Гости разъехались далеко за полночь, некоторых грузили в машины в состоянии трупов. Белла так и сяк удерживала Германа, но тому не улыбалась перспектива провести ночь в древней избушке. Он притворился пьяненьким, нес ахинею, мол, хочет в родную кроватку.
— Как ты машину поведешь? — беспокоилась Белла.
— Прямо. Я в норме.
— Хорошо, я сяду за руль и отвезу тебя, раз ты так боишься остаться.
— Угадала. Я боюсь тебя. Ты такая красивая…
— …что внушаю ужас? — улыбнулась она, подводя его к машине.
— Именно. — Он плюхнулся на переднее сиденье, потеряв надежду избавиться от нее.
Попав в свою комнату, Герман быстро настрочил по горячим следам диалог с Федором в тетрадь, затем разделся и лег, обдумывая, каким образом пригодится ему эта информация. А Белла и не собиралась возвращаться к себе. Обойдя дом, она приятно удивилась: в захолустье находится оазис, не уступающий мировым стандартам. Она понежилась в ванне, нашла халат в шкафу возле бассейна, улеглась в гостиной перед телевизором. Спать не хотелось…
Ей исполнилось двадцать три года. И была она уверена, что прекрасному не будет конца. Туз брал ее в поездки за границу, она обошла лучшие магазины Европы, жила без забот. И вдруг! Белла вышла из подъезда, помахала ему, сидевшему на заднем сиденье, рукой. Водитель завел мотор, Белла запахнула шубку…
Сначала она не поняла, что произошло. Рвануло так, что Белла зажмурилась и зажала ладонями уши. Когда открыла глаза, не поверила, что видит горящую машину и валивший черный дым. Но это была его машина, и он только что был там… Она закричала. Кричала беспрерывно. Подбежала насколько возможно близко к автомобилю. Ее поразило, что мартовский снег тает слишком быстро. Белла металась, пытаясь подобраться ближе, ведь ему нужна помощь. Ее кто-то хватал и отталкивал, она вырывалась, снова бросалась к машине, оторвался рукав шубки…
В конечном счете взрыв разорвал ее жизнь. Началось. Вызовы в прокуратуру, показания, следствие. Далеко не все проявляли вежливость, да и кто она такая для них была? Молоденькая шлюха, рванувшая из провинции покорять столицу, ей подфартило поймать богатенького дедушку, а не промышлять в гостиницах или на панели. Допросы проходили с унизительными намеками, зачастую не имевшими отношения к сути дела. Белла путалась, понимая, что копание в отношениях с Тузом праздное, и долдонила одно:
— Я любила его.
И плакала. Но никто не верил ни ее слезам, ни ее словам. Тем временем родственники быстро разделались с ней. Приперлась старая жаба с жабятами, вежливо попросила Беллу выместись из квартиры. А он накануне гибели собирался подарить ей квартиру, только не успел. Жабята хотели конфисковать еще иномарку и ценности, но Белла нагло заявила:
— Машина моя по документам, вы ее не получите. А драгоценности… ищите!
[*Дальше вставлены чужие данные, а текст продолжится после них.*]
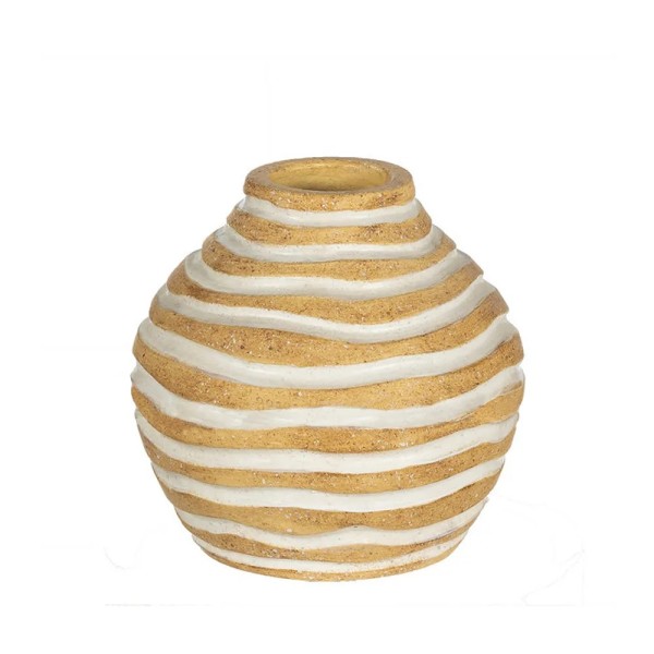 Jarrón decorativo de cerámica beige con delicado relieve ondulado, perfecto para dar calidez y estilo a cualquier rincón del hogar.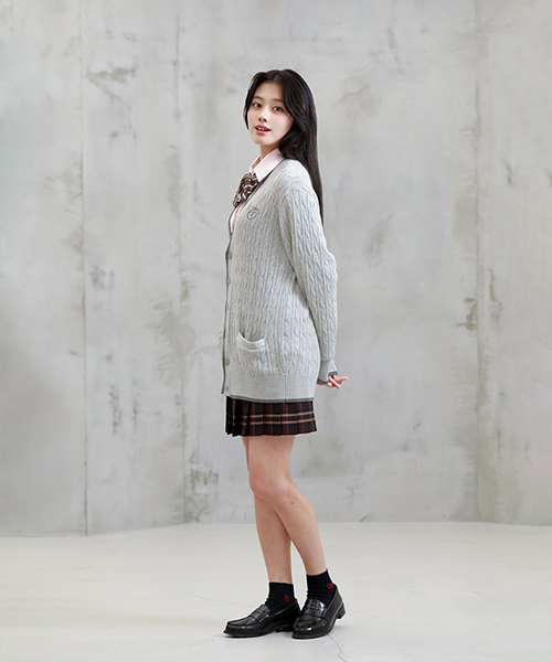 男女兼用ケーブルカーディガン(ライトグレー) 価格 7,920円(税込) Mサイズ着用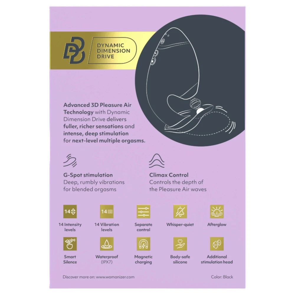 Ez a luxus kényeztető a Womanizer ikonikus Pleasure Air technológiáját ötvözi a mély, lüktető G-pont vibrációval. Az eredmény egy intenzív, többszörös orgazmust ígérő stimuláció, amely egyszerre kényezteti a csiklót és a G-pontot. A Dynamic Dimension Drive technológia gazdagabb, teltebb érzéseket nyújt, miközben a Climax Control lehetővé teszi az orgazmus hullámainak teljes irányítását.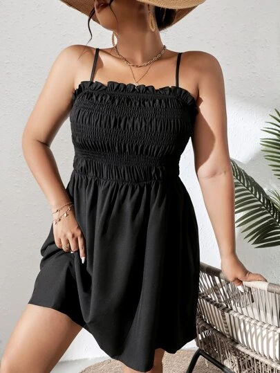 SHEIN Holidaya 大碼素色褶邊吊帶連衣裙 - 黑色 - 查看 1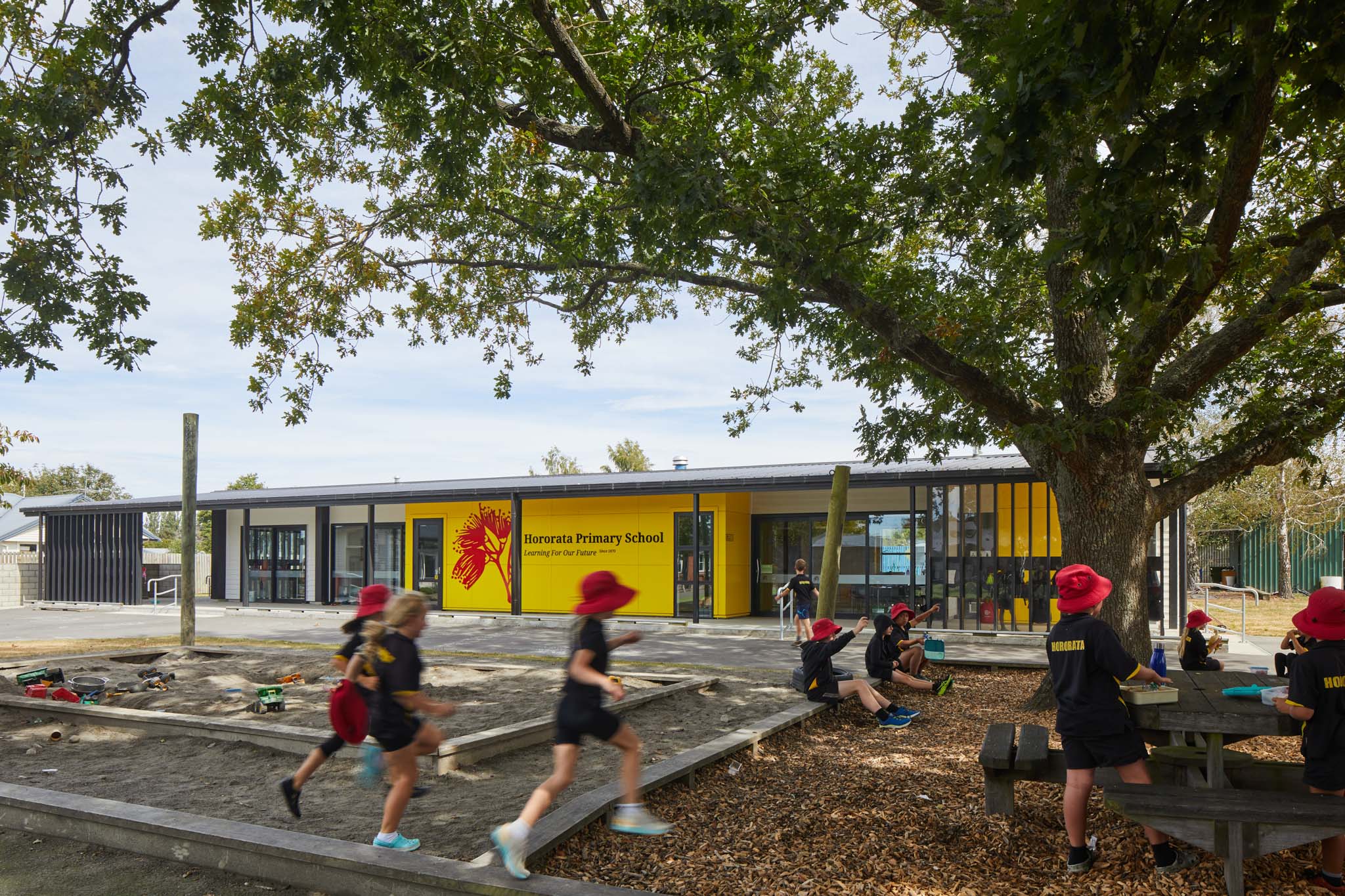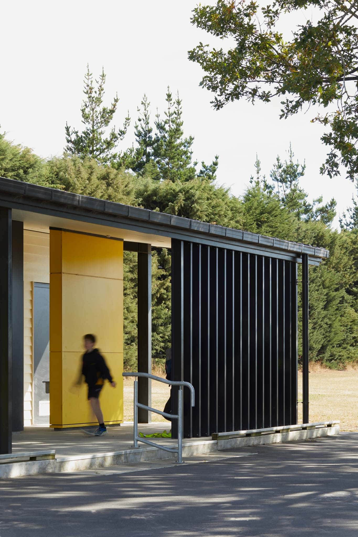 This new classroom block was designed to accommodate two classrooms, breakout spaces, teacher meeting room and external toilets for the use of the student within the classroom block and on the playing fields. The structure allows for flexible open plan spaces. The classroom spaces open onto a large covered area which leads to the outdoor learning spaces. The outdoor areas are screened with vertical louvers to provide shelter but also a visual connection to the school grounds beyond.

Хрен там они нашли. Золотые безделушки, завернутые в целлофановый пакет, Белла сообразила сунуть в большую банку с кремом для тела прямо на глазах жабы с жабятами, предвидя, как развернутся события.
Оставшись с машиной, до отказа забитой тряпками, она ездила по Москве, обливаясь слезами. Сняв небольшую квартиру, продавала бриллианты вдвое дешевле их стоимости, на то и жила. Вопрос «что делать и как с этим бороться?» возник сам собой, когда золотишка осталось с гулькин нос. К кому обратиться за помощью? Конечно, к мадам Тюссо. Уговорила ее встретиться в дорогом кабаке, а мадам начала с обид, уплетая креветки в соусе.
— Суки вы все, ой суки. Делаешь вам доброе дело, а вы вспоминаете обо мне, оставшись на бобах. Кем бы ты без меня была? А? Дорога одна у вас — проституция.
Белла, несмотря на шикарный прикид, оставалась все той же провинциальной простушкой. Выпив водки, она ревмя ревела, умоляла помочь, ибо скоро жрать будет нечего.
— Ты что, не скопила бабок? — вытаращилась мадам Тюссо. — Полная идиотка! Ты знаешь, кто он был? Да у него денег… Он не давал тебе?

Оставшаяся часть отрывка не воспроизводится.